The test firing was conducted in collaboration with the U.S. Special Operations Command (SOCOM). This association may provide some insight into the intended operational role of High Energy Lasers in a tactical setting.
While the test itself is noteworthy since it is the first time a High Energy Weaponized laser has been fired from an attack helicopter to attack a target, the use of tactical lasers for range-finding, target designation and guidance are already commonplace in militaries around the world.
What makes Monday’s Raytheon test particularly interesting is the new ways a weaponized laser, not just a laser designator, could be used for precision attack and reduction of collateral damage.
Laser, or “Light Amplification by Stimulated Emission of Radiation” is effectively a narrow beam of powerful radiation that burns things.
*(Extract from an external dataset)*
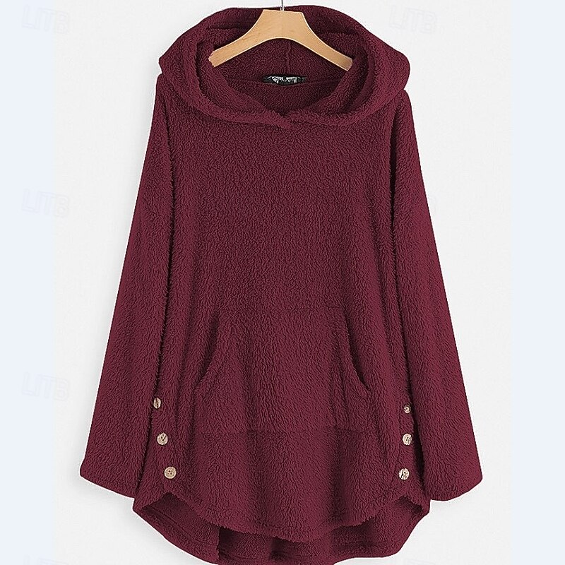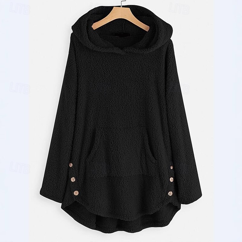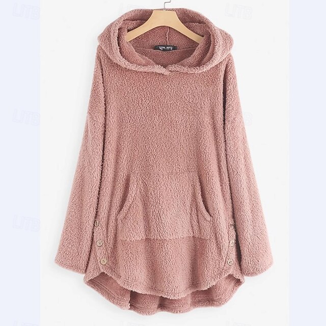 More information about Women's Pullover Hoodie Sweatshirt Plain Casual Long Sleeve Hooded Regular Tops Street Dailywear Casual Pocket Buttons Black White Pink Red Green Fall Winter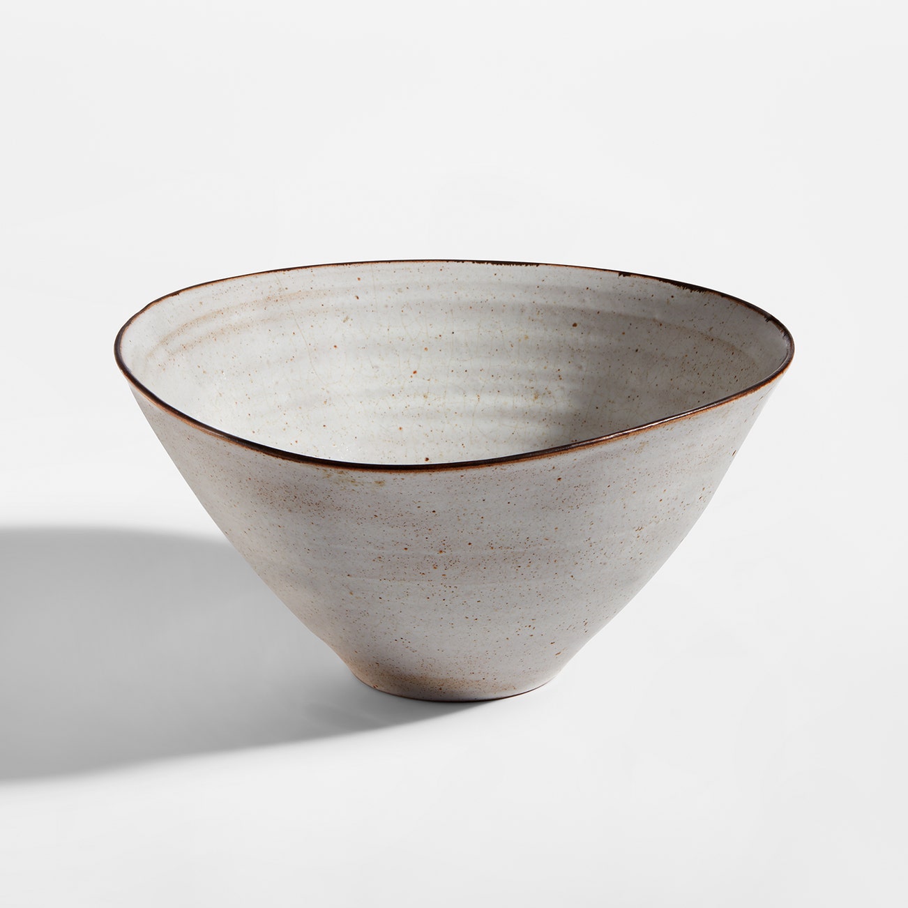 Stoneware with manganese speckle, white glaze with manganese rim.

Think of it as a long-range, needle-nosed flame thrower but without visible fire, only heat (or light) energy. In fact, the Raytheon test was visibly quite unremarkable. There was no giant eruption of flames, no bright “death ray” and no explosions on glowing red targets. This invisible, silent, sinister quality may be what makes the laser Raytheon laser weapon fired from the Apache all the more menacing, especially to insurgencies that do not have effective technology to counter the weapon and can’t even tell when they are being targeted until it is too late.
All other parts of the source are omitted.